**GOAL OF THE EXERCISE**
Only the lines from the one that contains "随着院方指导员的指引,,, ,,,专家们来到了此次旅行的重点部分——烧创伤科室,,, ,,,在此接待的是烧伤科的赵主任。。" through the end of the entries, both included, should be transcribed, exactly and without pictures.

─── MATERIAL FOR THIS EXERCISE ───

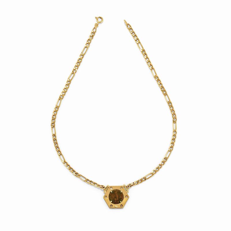 maglia a catena con centrale esagonale e moneta, contorno in pietre incolori (ad imitazione del diamante).
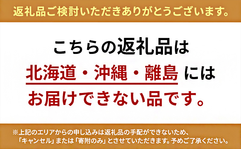 ※上記のエリアからの申し込みは返礼品の手配が出来ないため、「キャンセル」または「寄附のみ」とさせていただきます。予めご了承ください。
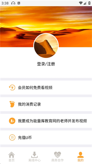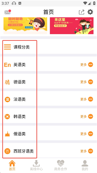 2、可以看到首页、离线中心、商务合作、我的等四个模块。
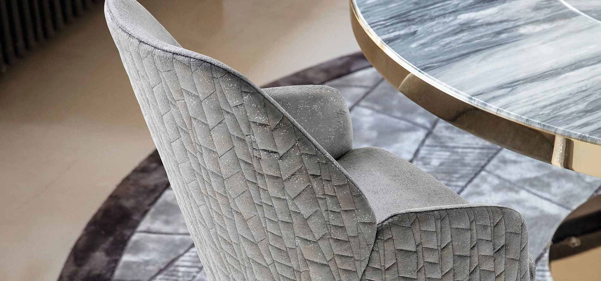 Solid beech side armchair with upholstering. 4 legs with gold chrome stainless steel embellishments. Giorgio Collection metal logo on a wooden base.
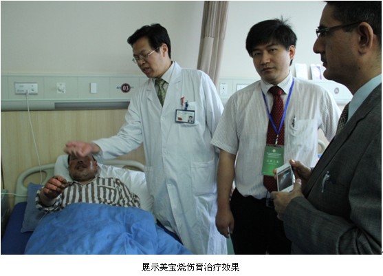 随着院方指导员的指引,,, ,,,专家们来到了此次旅行的重点部分——烧创伤科室,,, ,,,在此接待的是烧伤科的赵主任。。 。。。 。。。赵主任首先先容了zoty中欧体育再生产品在医院的使用情形,,, ,,,随后将专家们带进住院病房,,, ,,,划分通过一个烧伤病例和一个褥疮病例展示了zoty中欧体育产品在治疗烧伤创疡领域的奇异功效。。 。。。 。。。第一个病例是一个深二度烧伤病人,,, ,,,赵主任展示了经由一段时间zoty中欧体育烧伤膏的使用病人的恢复情形,,, ,,,并现场对国际专家并行了zoty中欧体育烧伤膏换药的操作树模,,, ,,,使专家团对zoty中欧体育产品有了越发周全和越发深入的熟悉。。 。。。 。。。
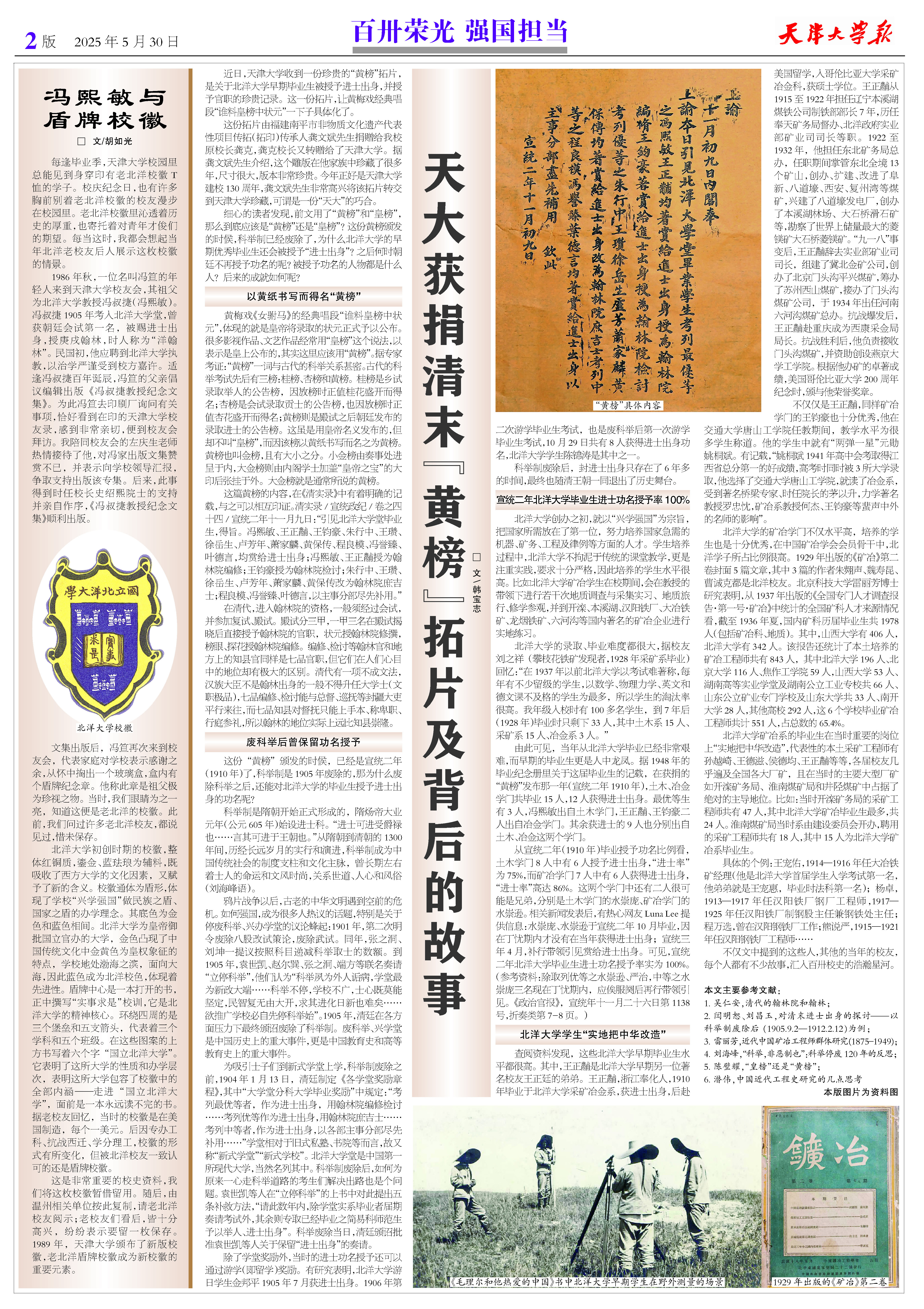 近日,天津大学收到一份珍贵的“黄榜”拓片,是关于北洋大学早期毕业生被授予进士出身,并授予官职的珍贵记录。这一份拓片,让黄梅戏经典唱段“谁料皇榜中状元”一下子具体化了。
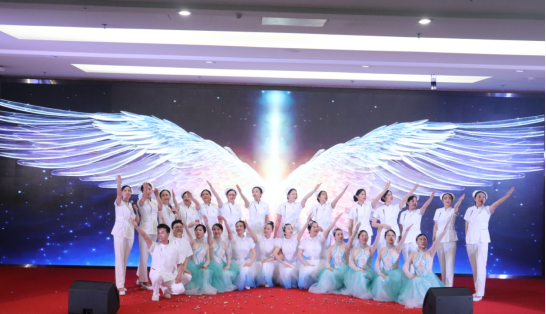 授帽仪式结束后,以“关爱护士队伍,护佑人民健康”为主题的文艺演出在绚丽多姿的《敦煌飞梦》舞蹈中拉开帷幕。情景剧《跨越距离的奇迹》、《天使之翼》 ,乐队表演《我相信》 ,诗朗诵《我们的医院》 ,旗袍秀《水墨兰亭》 ,合唱《一起向未来》 ,舞蹈《绽放》……精彩节目轮番上演,表演朴实却不失专业、舞姿轻盈且尽显柔美,护理部的天使们才情尽显,展现了燕尾帽下的另一面,传递着我院护理团队以如磐初心凝聚的磅礴力量,彰显了我们守护人民群众生命健康的决心,赢得了台下观众阵阵掌声与喝彩。
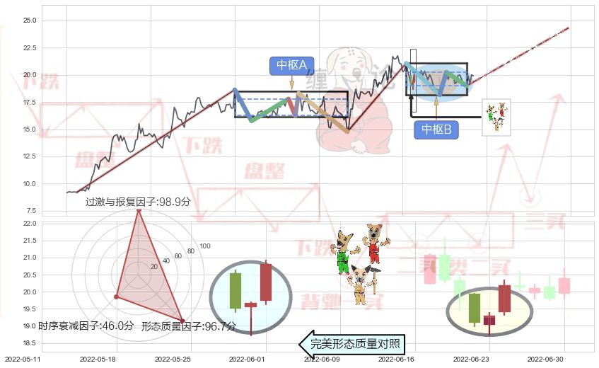 ➢ 🕰 价格走势在2022-06-24至2022-06-30期间形成上升三部曲(升势三鸦),残存影响值:3.87
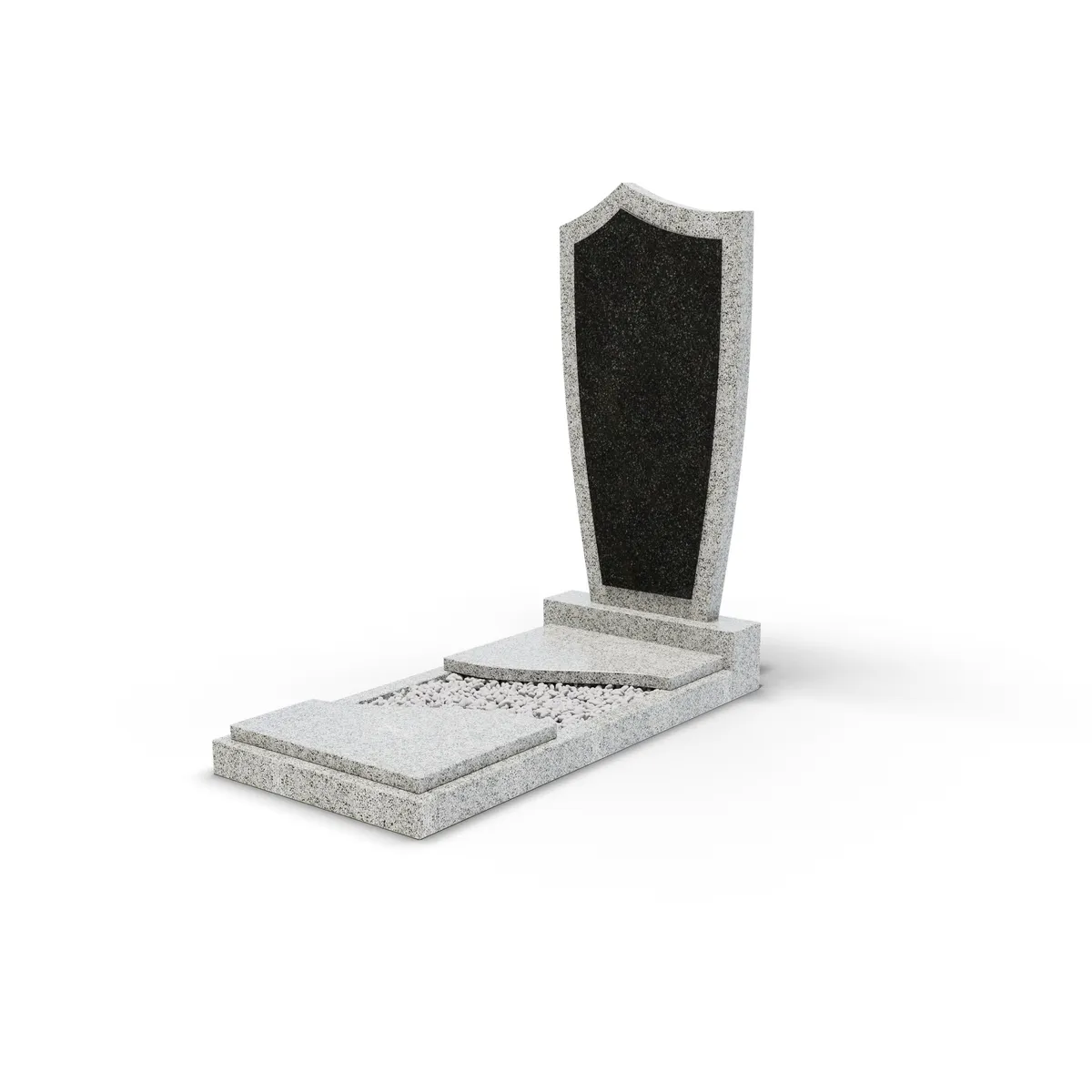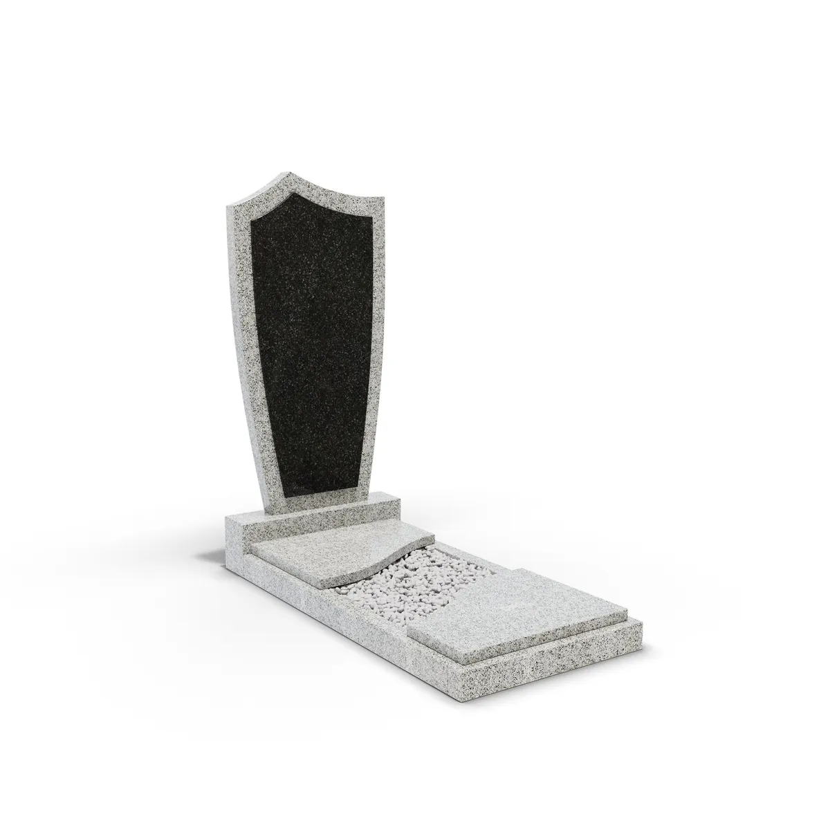 Комбинированный памятник «КукП4В Мансуровский» – элегантное надгробие из серого камня с контрастной черной вставкой из Габбро. Форма памятника напоминает щит с заостренной верхней частью. Основание выполнено из светлого гранита, а зона захоронения накрыта двумя короткими плитами. Прочная тумба шириной 55 см придает конструкции устойчивость к погодным условиям и сохранение эстетики на долгие годы. Идеальное сочетание классики и современного дизайна.

───

**WORKED SOLUTION**
 随着院方指导员的指引,,, ,,,专家们来到了此次旅行的重点部分——烧创伤科室,,, ,,,在此接待的是烧伤科的赵主任。。 。。。 。。。赵主任首先先容了zoty中欧体育再生产品在医院的使用情形,,, ,,,随后将专家们带进住院病房,,, ,,,划分通过一个烧伤病例和一个褥疮病例展示了zoty中欧体育产品在治疗烧伤创疡领域的奇异功效。。 。。。 。。。第一个病例是一个深二度烧伤病人,,, ,,,赵主任展示了经由一段时间zoty中欧体育烧伤膏的使用病人的恢复情形,,, ,,,并现场对国际专家并行了zoty中欧体育烧伤膏换药的操作树模,,, ,,,使专家团对zoty中欧体育产品有了越发周全和越发深入的熟悉。。 。。。 。。。
 近日,天津大学收到一份珍贵的“黄榜”拓片,是关于北洋大学早期毕业生被授予进士出身,并授予官职的珍贵记录。这一份拓片,让黄梅戏经典唱段“谁料皇榜中状元”一下子具体化了。
 授帽仪式结束后,以“关爱护士队伍,护佑人民健康”为主题的文艺演出在绚丽多姿的《敦煌飞梦》舞蹈中拉开帷幕。情景剧《跨越距离的奇迹》、《天使之翼》 ,乐队表演《我相信》 ,诗朗诵《我们的医院》 ,旗袍秀《水墨兰亭》 ,合唱《一起向未来》 ,舞蹈《绽放》……精彩节目轮番上演,表演朴实却不失专业、舞姿轻盈且尽显柔美,护理部的天使们才情尽显,展现了燕尾帽下的另一面,传递着我院护理团队以如磐初心凝聚的磅礴力量,彰显了我们守护人民群众生命健康的决心,赢得了台下观众阵阵掌声与喝彩。
 ➢ 🕰 价格走势在2022-06-24至2022-06-30期间形成上升三部曲(升势三鸦),残存影响值:3.87
 Комбинированный памятник «КукП4В Мансуровский» – элегантное надгробие из серого камня с контрастной черной вставкой из Габбро. Форма памятника напоминает щит с заостренной верхней частью. Основание выполнено из светлого гранита, а зона захоронения накрыта двумя короткими плитами. Прочная тумба шириной 55 см придает конструкции устойчивость к погодным условиям и сохранение эстетики на долгие годы. Идеальное сочетание классики и современного дизайна.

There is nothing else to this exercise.